▸ Task to carry out
The part below that opens with the line containing "15 • $1.2 billion" and closes with the line containing "- 狼牙土豆有点瘫软了,笋是" should be copied exactly, minus any pictures.

▸ Input material

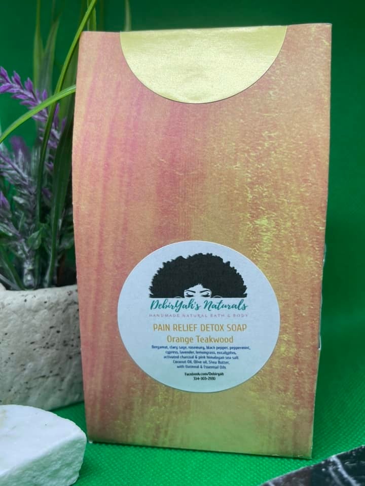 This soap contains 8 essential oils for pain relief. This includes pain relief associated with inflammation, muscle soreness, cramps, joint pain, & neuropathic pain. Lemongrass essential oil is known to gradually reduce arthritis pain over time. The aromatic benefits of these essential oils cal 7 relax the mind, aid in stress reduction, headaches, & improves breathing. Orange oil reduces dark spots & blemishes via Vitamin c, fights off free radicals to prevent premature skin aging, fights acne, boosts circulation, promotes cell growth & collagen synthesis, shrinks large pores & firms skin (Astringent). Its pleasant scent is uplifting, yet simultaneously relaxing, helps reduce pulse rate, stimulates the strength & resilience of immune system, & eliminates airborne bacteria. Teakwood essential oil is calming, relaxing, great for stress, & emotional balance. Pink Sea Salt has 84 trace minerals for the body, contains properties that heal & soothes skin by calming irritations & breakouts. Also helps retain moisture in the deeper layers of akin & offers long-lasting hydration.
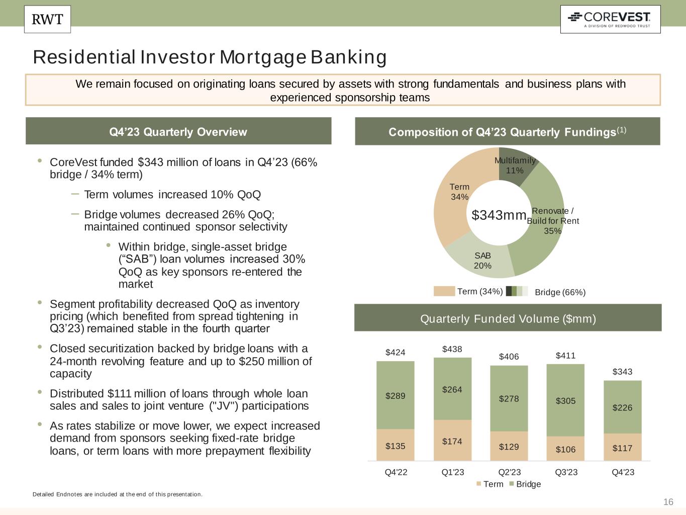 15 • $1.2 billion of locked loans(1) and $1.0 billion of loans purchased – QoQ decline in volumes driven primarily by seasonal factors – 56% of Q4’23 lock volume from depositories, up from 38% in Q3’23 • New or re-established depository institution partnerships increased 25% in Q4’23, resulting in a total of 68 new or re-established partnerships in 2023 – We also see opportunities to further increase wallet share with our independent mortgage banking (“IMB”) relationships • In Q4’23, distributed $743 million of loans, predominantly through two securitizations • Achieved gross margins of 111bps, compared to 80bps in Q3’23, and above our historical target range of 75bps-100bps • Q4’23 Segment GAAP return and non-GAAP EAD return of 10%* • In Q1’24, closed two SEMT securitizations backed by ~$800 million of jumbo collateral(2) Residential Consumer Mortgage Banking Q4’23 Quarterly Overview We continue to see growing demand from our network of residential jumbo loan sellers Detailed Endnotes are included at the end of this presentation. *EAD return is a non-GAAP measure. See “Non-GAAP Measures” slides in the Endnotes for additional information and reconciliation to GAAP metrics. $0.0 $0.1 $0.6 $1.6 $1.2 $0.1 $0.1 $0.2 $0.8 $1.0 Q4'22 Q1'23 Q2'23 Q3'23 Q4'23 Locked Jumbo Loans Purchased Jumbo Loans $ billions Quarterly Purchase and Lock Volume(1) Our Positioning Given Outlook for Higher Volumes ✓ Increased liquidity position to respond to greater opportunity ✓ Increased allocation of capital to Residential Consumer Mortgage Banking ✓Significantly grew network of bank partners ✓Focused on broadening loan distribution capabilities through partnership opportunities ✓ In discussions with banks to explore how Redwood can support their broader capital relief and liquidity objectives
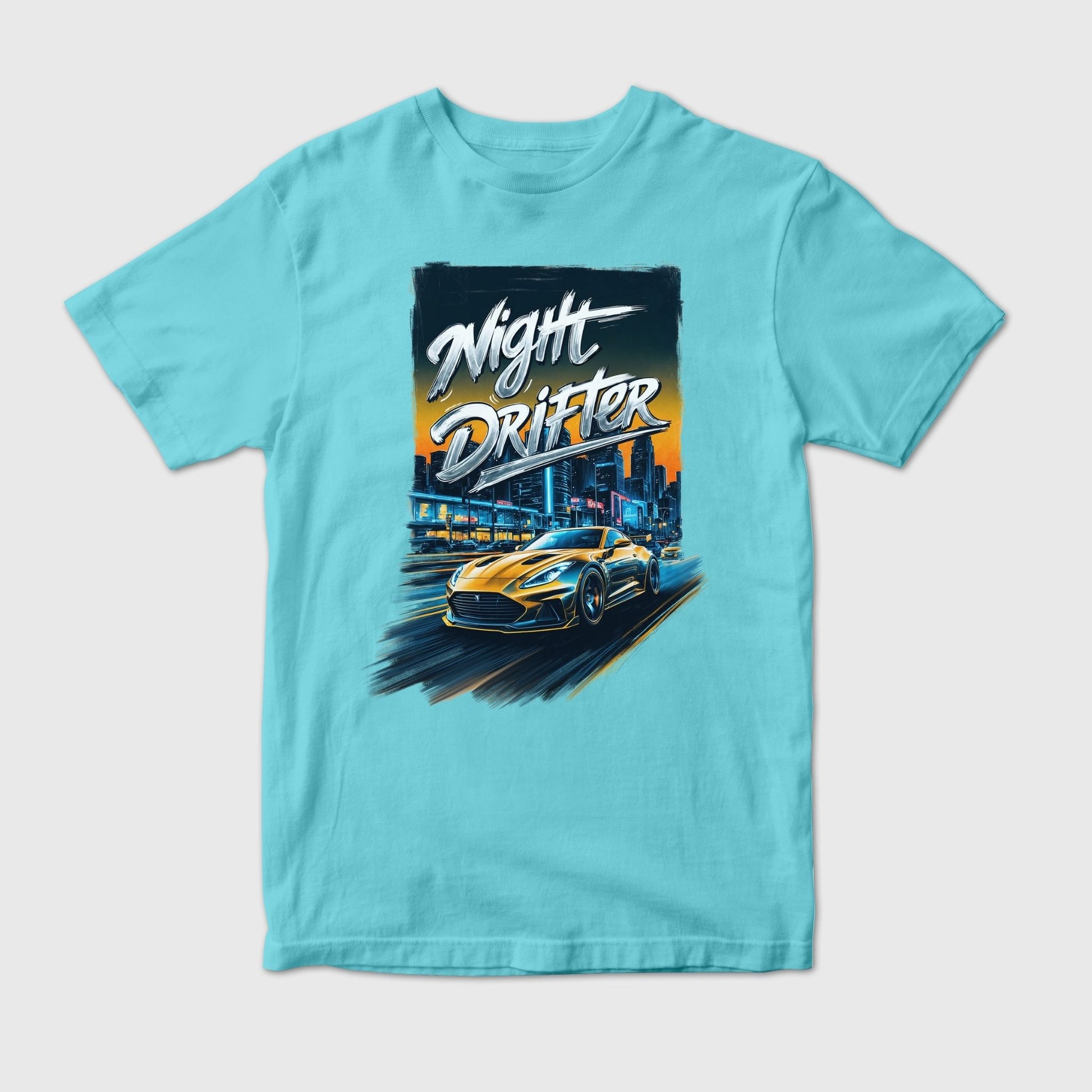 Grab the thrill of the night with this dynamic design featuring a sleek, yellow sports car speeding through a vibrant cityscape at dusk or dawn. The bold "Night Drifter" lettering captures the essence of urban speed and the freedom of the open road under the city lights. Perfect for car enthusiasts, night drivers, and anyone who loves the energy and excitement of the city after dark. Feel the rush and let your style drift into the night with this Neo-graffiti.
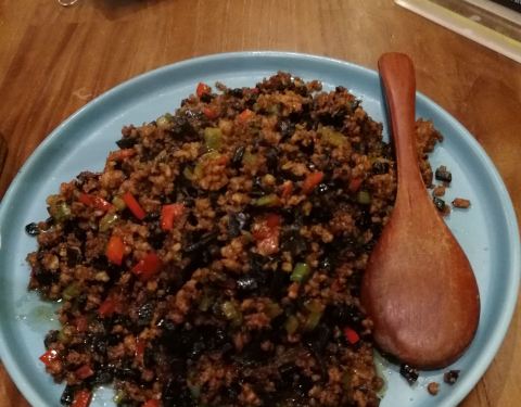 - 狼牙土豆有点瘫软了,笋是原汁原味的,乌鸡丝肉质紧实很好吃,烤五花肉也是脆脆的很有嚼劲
==
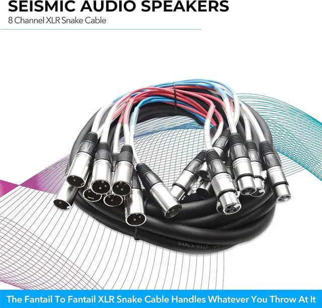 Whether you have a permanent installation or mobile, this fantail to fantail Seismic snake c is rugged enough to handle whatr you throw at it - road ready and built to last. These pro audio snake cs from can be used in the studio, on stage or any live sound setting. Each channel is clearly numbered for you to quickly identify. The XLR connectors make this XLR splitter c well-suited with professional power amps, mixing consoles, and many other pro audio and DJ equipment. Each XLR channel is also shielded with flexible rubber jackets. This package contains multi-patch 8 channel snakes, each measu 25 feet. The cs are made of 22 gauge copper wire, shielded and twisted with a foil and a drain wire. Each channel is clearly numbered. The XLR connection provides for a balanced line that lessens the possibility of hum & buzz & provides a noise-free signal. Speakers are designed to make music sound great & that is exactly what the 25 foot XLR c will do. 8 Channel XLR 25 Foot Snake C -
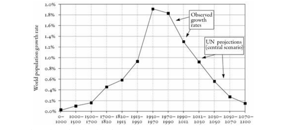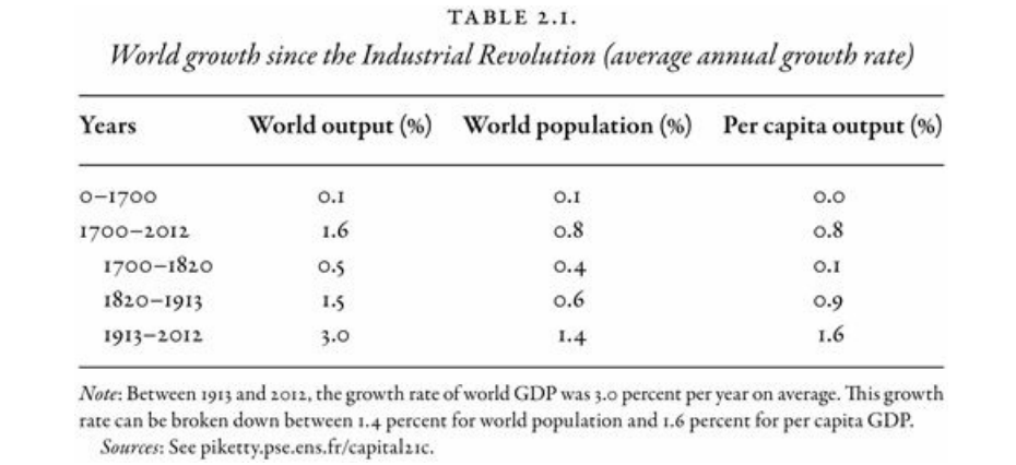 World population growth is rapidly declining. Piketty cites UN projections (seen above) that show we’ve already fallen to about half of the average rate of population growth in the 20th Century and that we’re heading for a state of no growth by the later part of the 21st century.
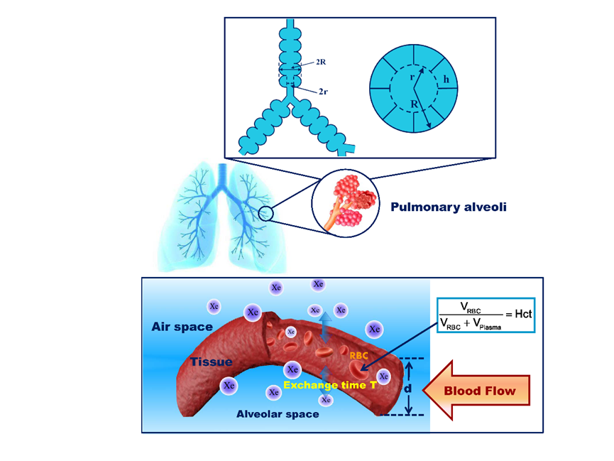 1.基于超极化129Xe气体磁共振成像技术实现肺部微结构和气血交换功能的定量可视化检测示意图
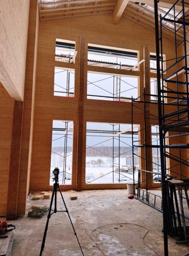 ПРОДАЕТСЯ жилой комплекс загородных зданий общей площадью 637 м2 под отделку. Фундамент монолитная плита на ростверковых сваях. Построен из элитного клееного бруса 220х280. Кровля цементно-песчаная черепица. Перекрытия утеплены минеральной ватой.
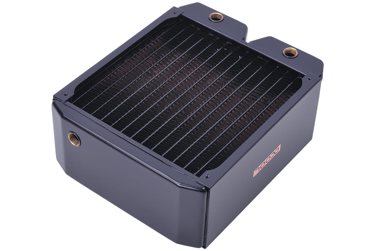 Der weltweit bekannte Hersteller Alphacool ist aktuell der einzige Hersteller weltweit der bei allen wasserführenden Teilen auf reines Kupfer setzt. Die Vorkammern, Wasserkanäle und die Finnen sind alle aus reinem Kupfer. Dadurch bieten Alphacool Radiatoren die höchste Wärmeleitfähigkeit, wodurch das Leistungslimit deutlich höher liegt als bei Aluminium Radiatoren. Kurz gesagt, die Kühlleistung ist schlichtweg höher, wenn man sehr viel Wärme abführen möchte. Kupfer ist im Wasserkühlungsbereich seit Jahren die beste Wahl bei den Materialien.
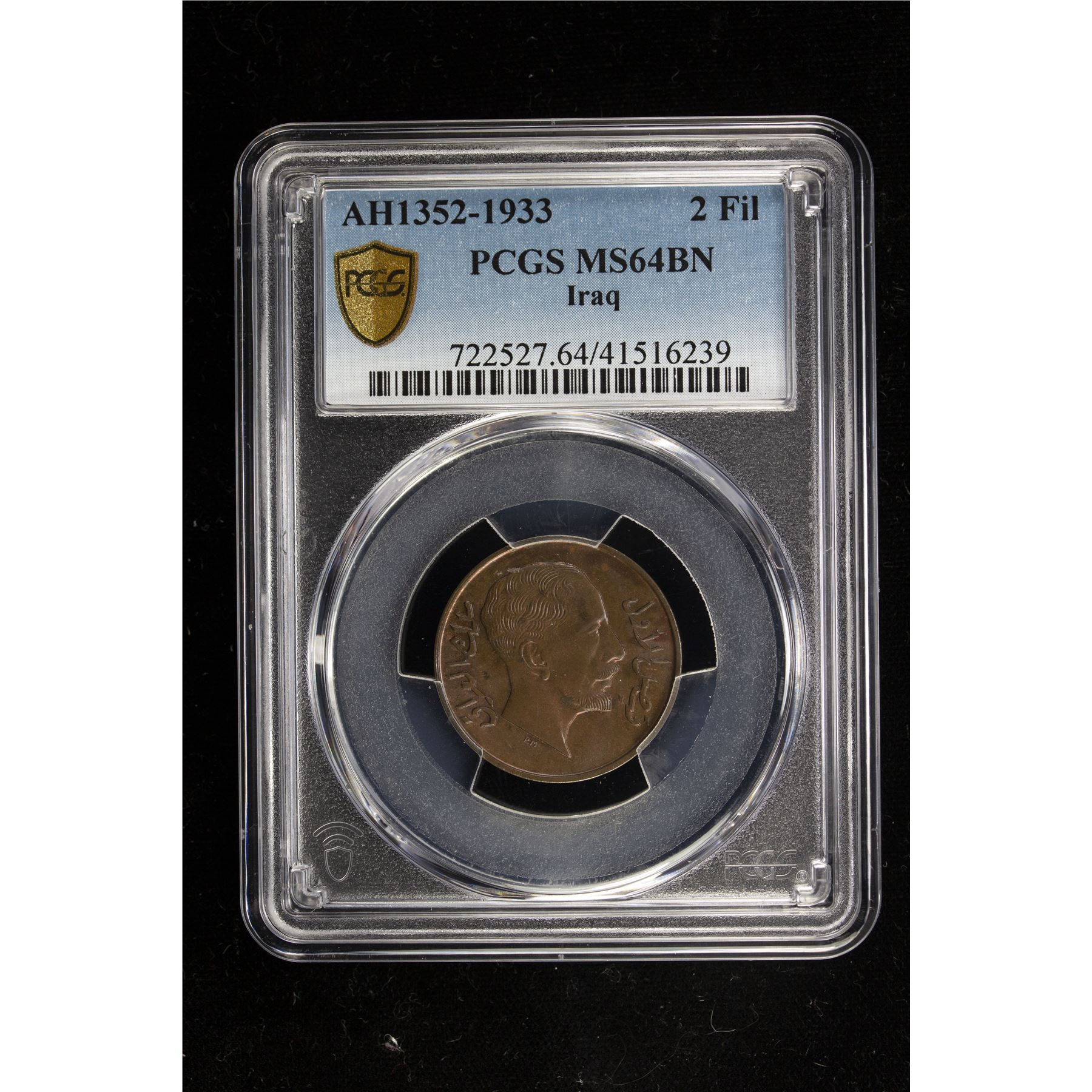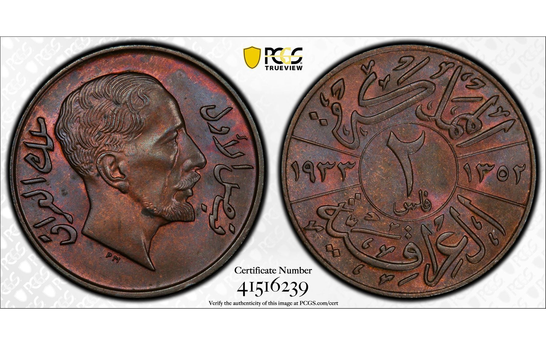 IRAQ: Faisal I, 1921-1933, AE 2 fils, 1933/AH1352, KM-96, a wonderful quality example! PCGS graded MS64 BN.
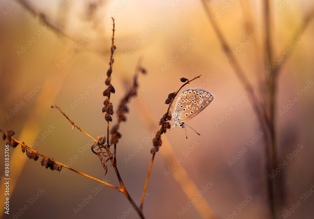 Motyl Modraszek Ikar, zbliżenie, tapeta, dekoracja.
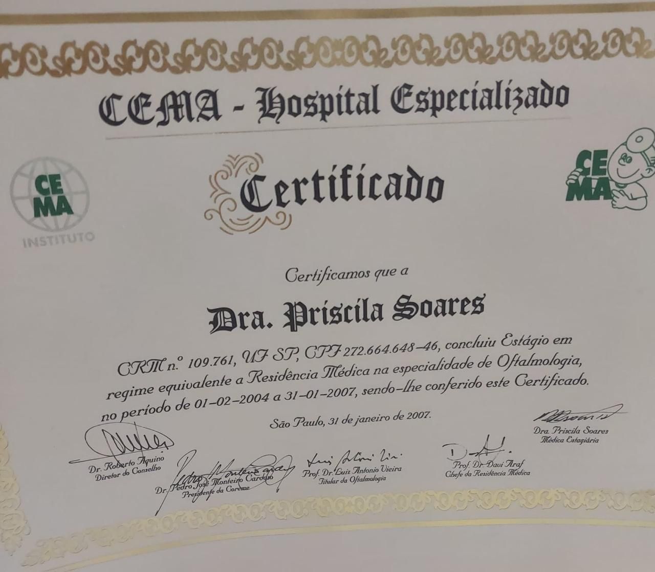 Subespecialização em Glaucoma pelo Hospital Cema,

▸ Task answer
 15 • $1.2 billion of locked loans(1) and $1.0 billion of loans purchased – QoQ decline in volumes driven primarily by seasonal factors – 56% of Q4’23 lock volume from depositories, up from 38% in Q3’23 • New or re-established depository institution partnerships increased 25% in Q4’23, resulting in a total of 68 new or re-established partnerships in 2023 – We also see opportunities to further increase wallet share with our independent mortgage banking (“IMB”) relationships • In Q4’23, distributed $743 million of loans, predominantly through two securitizations • Achieved gross margins of 111bps, compared to 80bps in Q3’23, and above our historical target range of 75bps-100bps • Q4’23 Segment GAAP return and non-GAAP EAD return of 10%* • In Q1’24, closed two SEMT securitizations backed by ~$800 million of jumbo collateral(2) Residential Consumer Mortgage Banking Q4’23 Quarterly Overview We continue to see growing demand from our network of residential jumbo loan sellers Detailed Endnotes are included at the end of this presentation. *EAD return is a non-GAAP measure. See “Non-GAAP Measures” slides in the Endnotes for additional information and reconciliation to GAAP metrics. $0.0 $0.1 $0.6 $1.6 $1.2 $0.1 $0.1 $0.2 $0.8 $1.0 Q4'22 Q1'23 Q2'23 Q3'23 Q4'23 Locked Jumbo Loans Purchased Jumbo Loans $ billions Quarterly Purchase and Lock Volume(1) Our Positioning Given Outlook for Higher Volumes ✓ Increased liquidity position to respond to greater opportunity ✓ Increased allocation of capital to Residential Consumer Mortgage Banking ✓Significantly grew network of bank partners ✓Focused on broadening loan distribution capabilities through partnership opportunities ✓ In discussions with banks to explore how Redwood can support their broader capital relief and liquidity objectives
 Grab the thrill of the night with this dynamic design featuring a sleek, yellow sports car speeding through a vibrant cityscape at dusk or dawn. The bold "Night Drifter" lettering captures the essence of urban speed and the freedom of the open road under the city lights. Perfect for car enthusiasts, night drivers, and anyone who loves the energy and excitement of the city after dark. Feel the rush and let your style drift into the night with this Neo-graffiti.
 - 狼牙土豆有点瘫软了,笋是原汁原味的,乌鸡丝肉质紧实很好吃,烤五花肉也是脆脆的很有嚼劲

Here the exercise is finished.